**WORK TO COMPLETE**: Look through the listing below for the line containing "なんと、ステーキもバーガーに". Copy it and each line after it up to and including the line containing "4. EFFICIENT FLEET", exactly, leaving out pictures.

**EXTRACTED MATERIAL**:
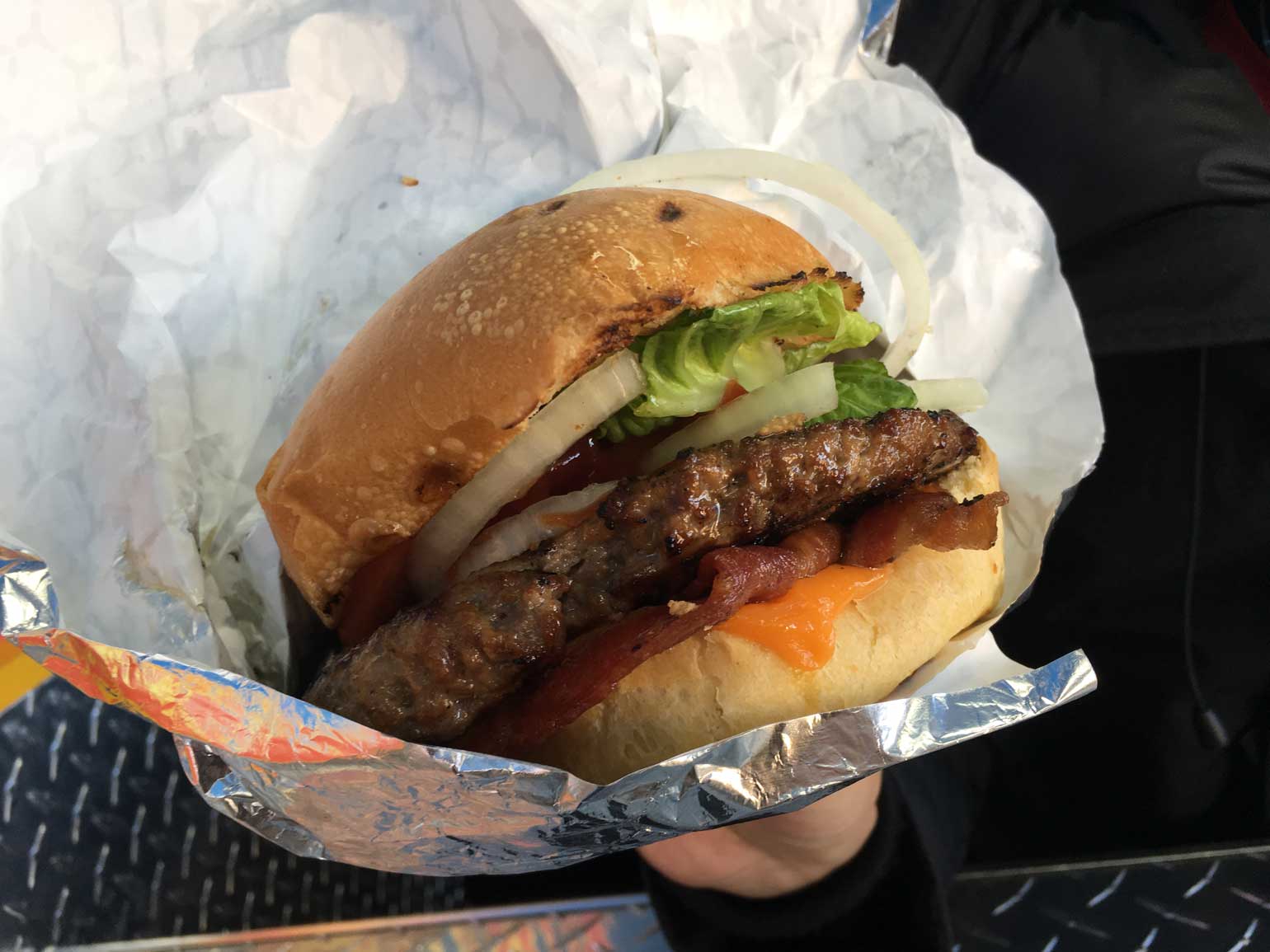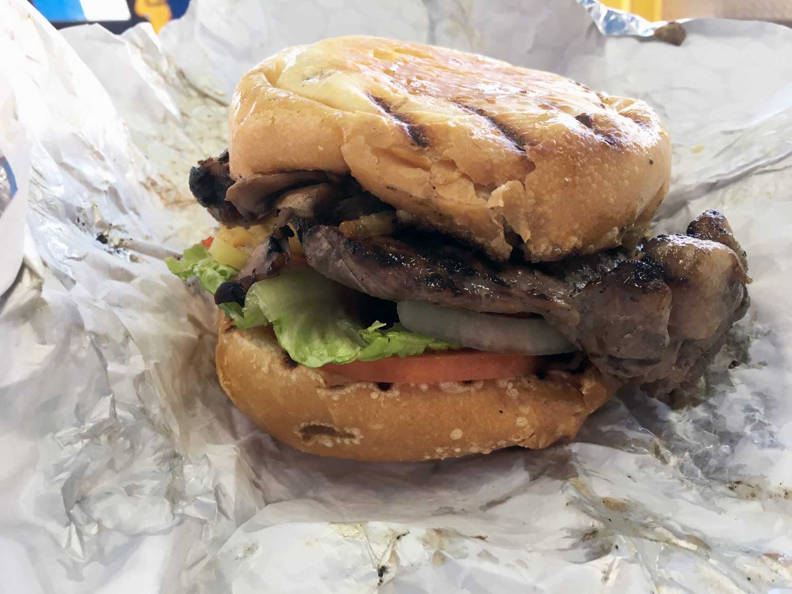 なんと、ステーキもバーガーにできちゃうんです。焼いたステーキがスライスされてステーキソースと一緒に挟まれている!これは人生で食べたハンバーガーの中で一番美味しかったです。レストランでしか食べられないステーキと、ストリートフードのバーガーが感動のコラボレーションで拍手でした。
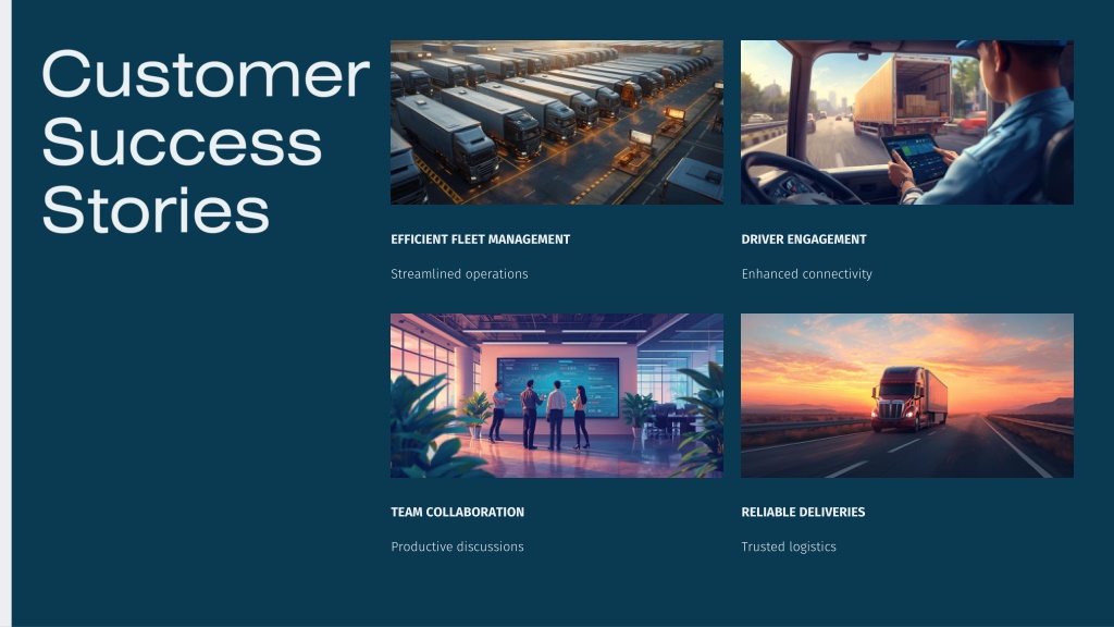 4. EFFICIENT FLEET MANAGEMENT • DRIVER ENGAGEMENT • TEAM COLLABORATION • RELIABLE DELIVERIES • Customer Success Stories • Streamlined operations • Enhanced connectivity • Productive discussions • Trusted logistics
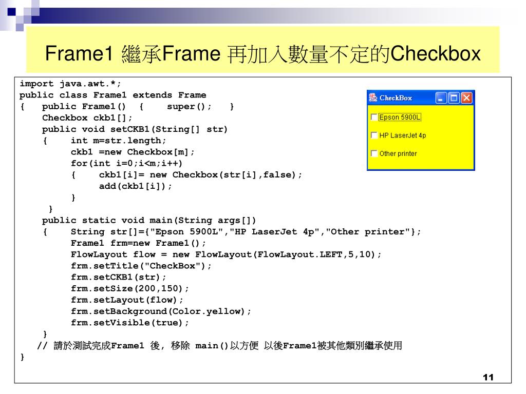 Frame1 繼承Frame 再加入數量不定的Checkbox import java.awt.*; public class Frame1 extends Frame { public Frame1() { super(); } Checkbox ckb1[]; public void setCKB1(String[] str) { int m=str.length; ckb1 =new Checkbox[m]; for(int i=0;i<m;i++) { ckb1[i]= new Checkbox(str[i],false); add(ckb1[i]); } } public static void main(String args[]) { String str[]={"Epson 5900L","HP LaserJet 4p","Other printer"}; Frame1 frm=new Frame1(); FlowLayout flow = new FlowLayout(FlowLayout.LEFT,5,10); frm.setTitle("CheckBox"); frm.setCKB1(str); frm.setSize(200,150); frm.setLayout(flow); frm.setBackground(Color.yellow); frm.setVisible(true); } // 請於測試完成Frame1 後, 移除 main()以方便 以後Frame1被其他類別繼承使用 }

...

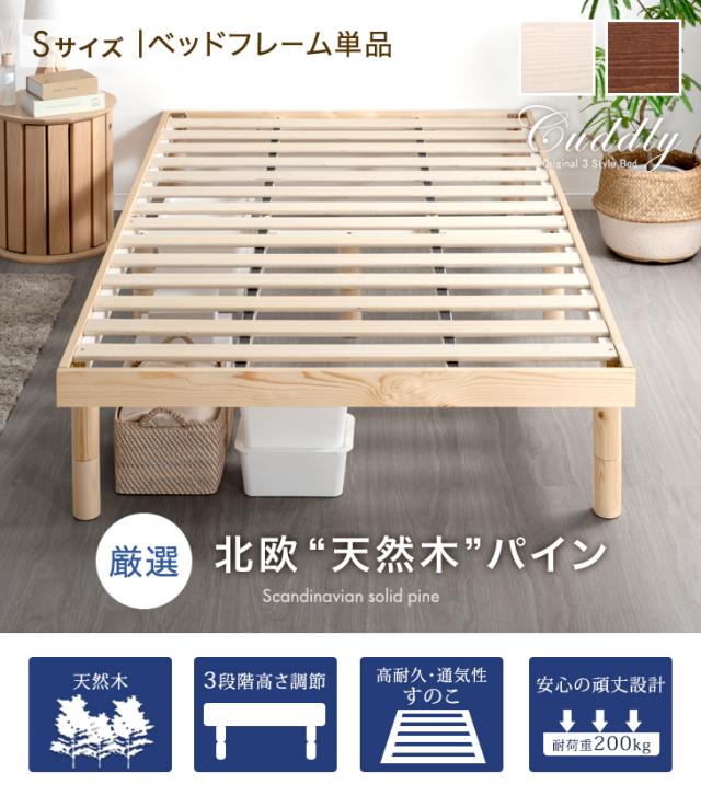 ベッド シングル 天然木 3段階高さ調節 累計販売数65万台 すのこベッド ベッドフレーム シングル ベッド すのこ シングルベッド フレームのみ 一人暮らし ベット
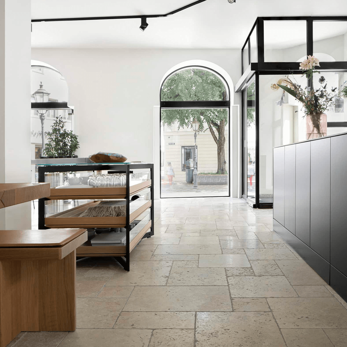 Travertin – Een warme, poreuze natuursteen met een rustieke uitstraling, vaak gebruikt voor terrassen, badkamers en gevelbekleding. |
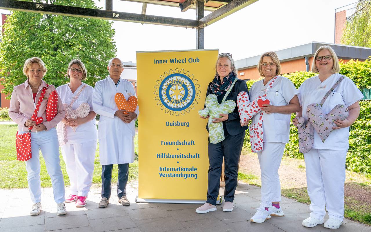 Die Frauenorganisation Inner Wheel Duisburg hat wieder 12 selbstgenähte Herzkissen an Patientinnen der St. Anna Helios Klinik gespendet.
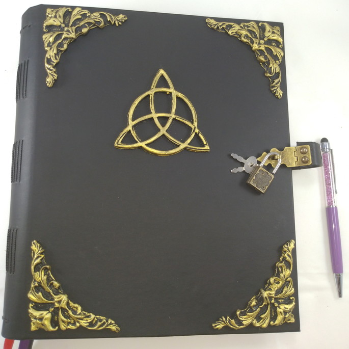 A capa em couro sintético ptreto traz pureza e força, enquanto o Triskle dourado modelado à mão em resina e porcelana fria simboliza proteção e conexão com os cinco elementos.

**YOUR RESPONSE**:
 なんと、ステーキもバーガーにできちゃうんです。焼いたステーキがスライスされてステーキソースと一緒に挟まれている!これは人生で食べたハンバーガーの中で一番美味しかったです。レストランでしか食べられないステーキと、ストリートフードのバーガーが感動のコラボレーションで拍手でした。
 4. EFFICIENT FLEET MANAGEMENT • DRIVER ENGAGEMENT • TEAM COLLABORATION • RELIABLE DELIVERIES • Customer Success Stories • Streamlined operations • Enhanced connectivity • Productive discussions • Trusted logistics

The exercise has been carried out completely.